> Activity:
Pictures aside, the data must be reproduced exactly.

Records from a dataset

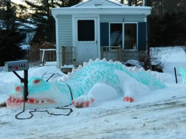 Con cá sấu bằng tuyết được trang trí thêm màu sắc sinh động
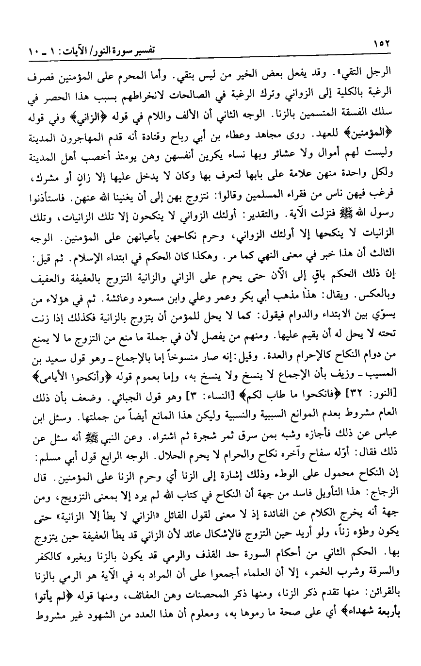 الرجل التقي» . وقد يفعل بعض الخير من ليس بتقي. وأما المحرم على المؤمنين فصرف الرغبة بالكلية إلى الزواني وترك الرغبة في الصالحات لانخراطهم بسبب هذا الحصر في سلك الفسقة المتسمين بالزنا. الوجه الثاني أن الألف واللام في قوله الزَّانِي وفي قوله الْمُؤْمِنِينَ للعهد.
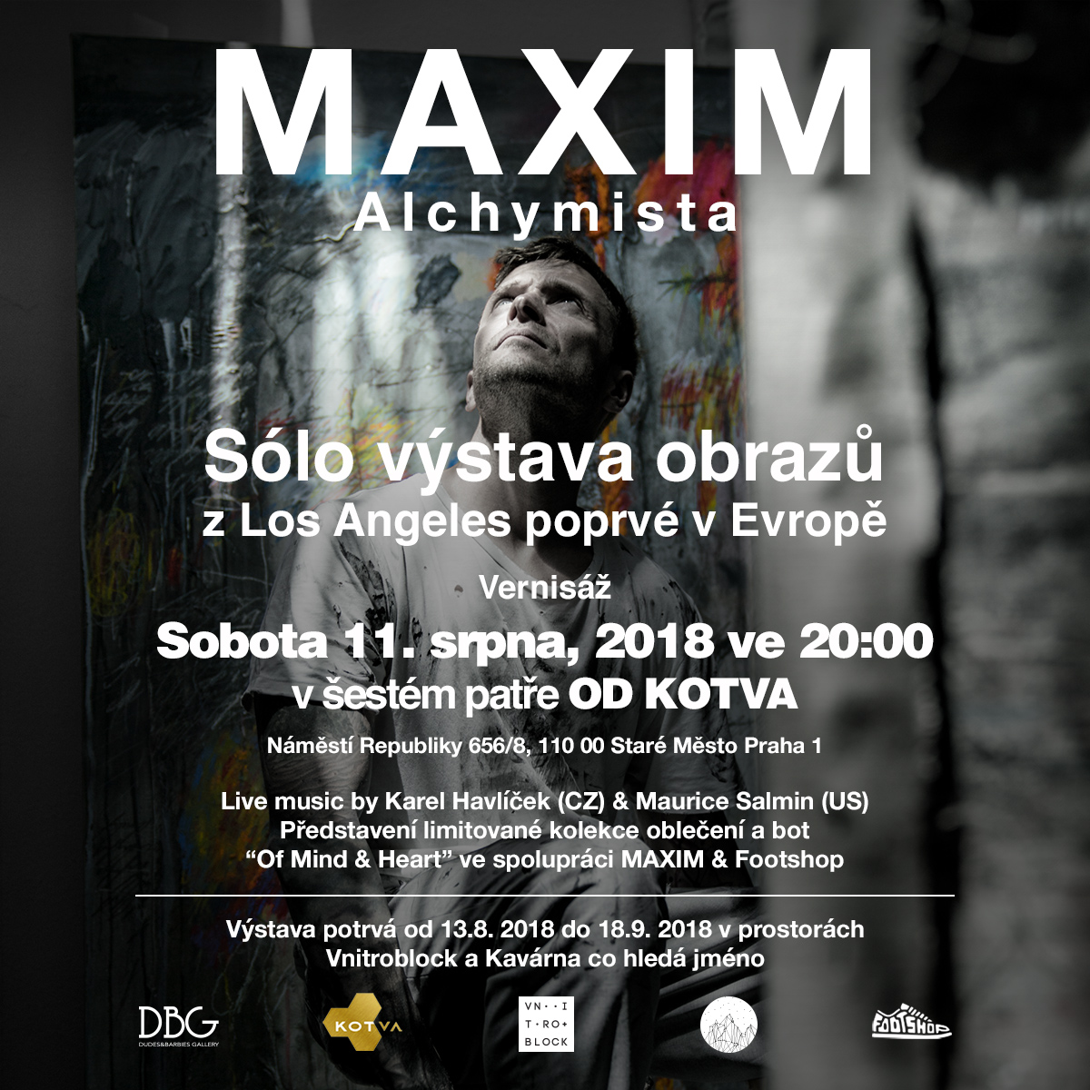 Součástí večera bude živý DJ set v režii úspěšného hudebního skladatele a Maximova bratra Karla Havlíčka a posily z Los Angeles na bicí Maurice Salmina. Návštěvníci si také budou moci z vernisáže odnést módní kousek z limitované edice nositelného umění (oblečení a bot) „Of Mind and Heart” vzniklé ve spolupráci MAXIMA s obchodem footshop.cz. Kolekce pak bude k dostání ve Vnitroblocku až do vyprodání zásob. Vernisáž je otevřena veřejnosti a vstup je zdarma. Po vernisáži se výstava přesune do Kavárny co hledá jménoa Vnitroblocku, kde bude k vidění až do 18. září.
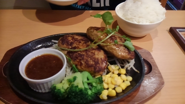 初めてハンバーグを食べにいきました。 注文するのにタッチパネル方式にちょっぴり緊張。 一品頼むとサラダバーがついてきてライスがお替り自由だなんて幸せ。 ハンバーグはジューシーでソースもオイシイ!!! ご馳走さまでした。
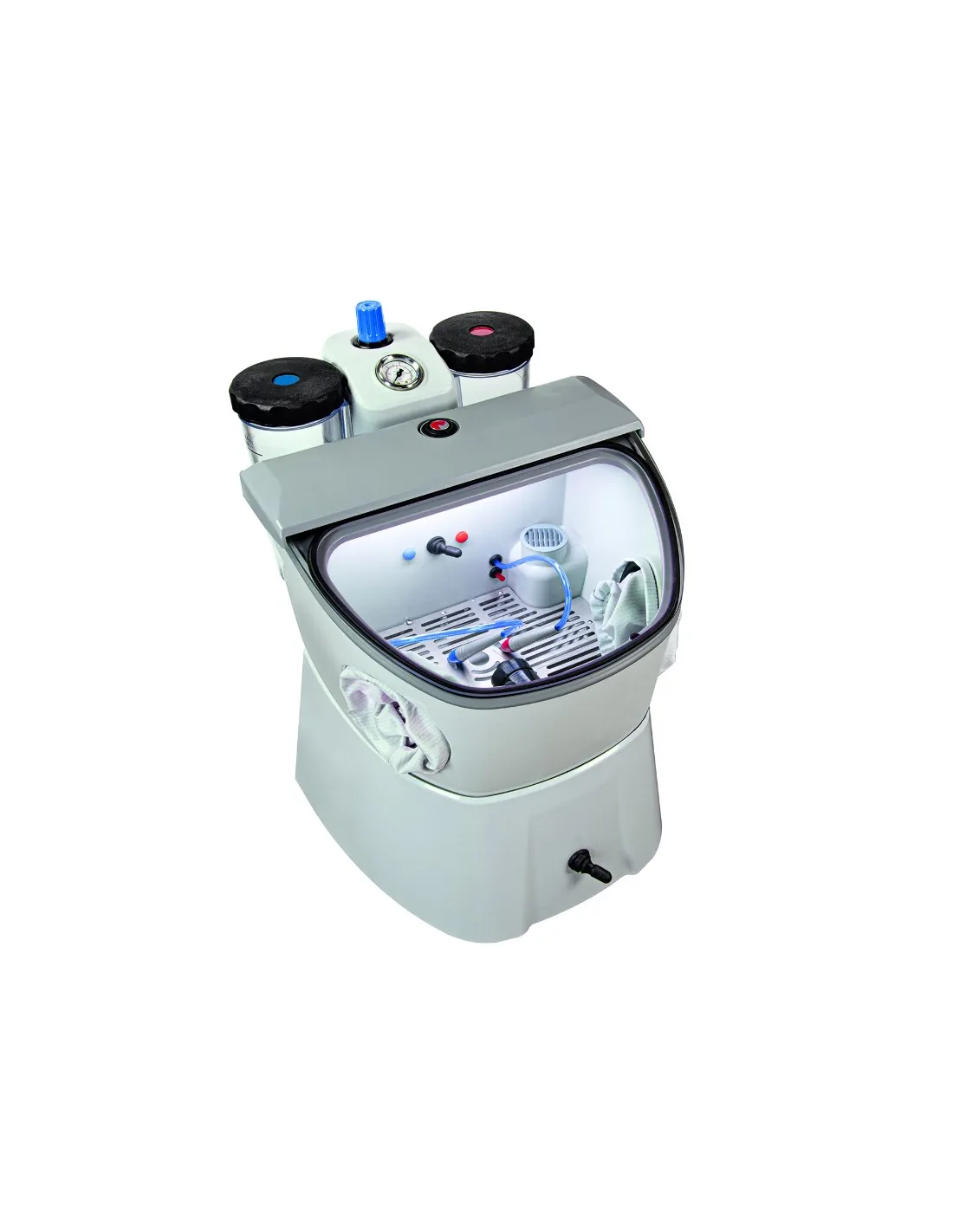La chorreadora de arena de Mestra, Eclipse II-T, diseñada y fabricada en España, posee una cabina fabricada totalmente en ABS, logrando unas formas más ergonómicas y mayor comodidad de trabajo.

> Task answer:
 Con cá sấu bằng tuyết được trang trí thêm màu sắc sinh động
 الرجل التقي» . وقد يفعل بعض الخير من ليس بتقي. وأما المحرم على المؤمنين فصرف الرغبة بالكلية إلى الزواني وترك الرغبة في الصالحات لانخراطهم بسبب هذا الحصر في سلك الفسقة المتسمين بالزنا. الوجه الثاني أن الألف واللام في قوله الزَّانِي وفي قوله الْمُؤْمِنِينَ للعهد.
 Součástí večera bude živý DJ set v režii úspěšného hudebního skladatele a Maximova bratra Karla Havlíčka a posily z Los Angeles na bicí Maurice Salmina. Návštěvníci si také budou moci z vernisáže odnést módní kousek z limitované edice nositelného umění (oblečení a bot) „Of Mind and Heart” vzniklé ve spolupráci MAXIMA s obchodem footshop.cz. Kolekce pak bude k dostání ve Vnitroblocku až do vyprodání zásob. Vernisáž je otevřena veřejnosti a vstup je zdarma. Po vernisáži se výstava přesune do Kavárny co hledá jménoa Vnitroblocku, kde bude k vidění až do 18. září.
 初めてハンバーグを食べにいきました。 注文するのにタッチパネル方式にちょっぴり緊張。 一品頼むとサラダバーがついてきてライスがお替り自由だなんて幸せ。 ハンバーグはジューシーでソースもオイシイ!!! ご馳走さまでした。
La chorreadora de arena de Mestra, Eclipse II-T, diseñada y fabricada en España, posee una cabina fabricada totalmente en ABS, logrando unas formas más ergonómicas y mayor comodidad de trabajo.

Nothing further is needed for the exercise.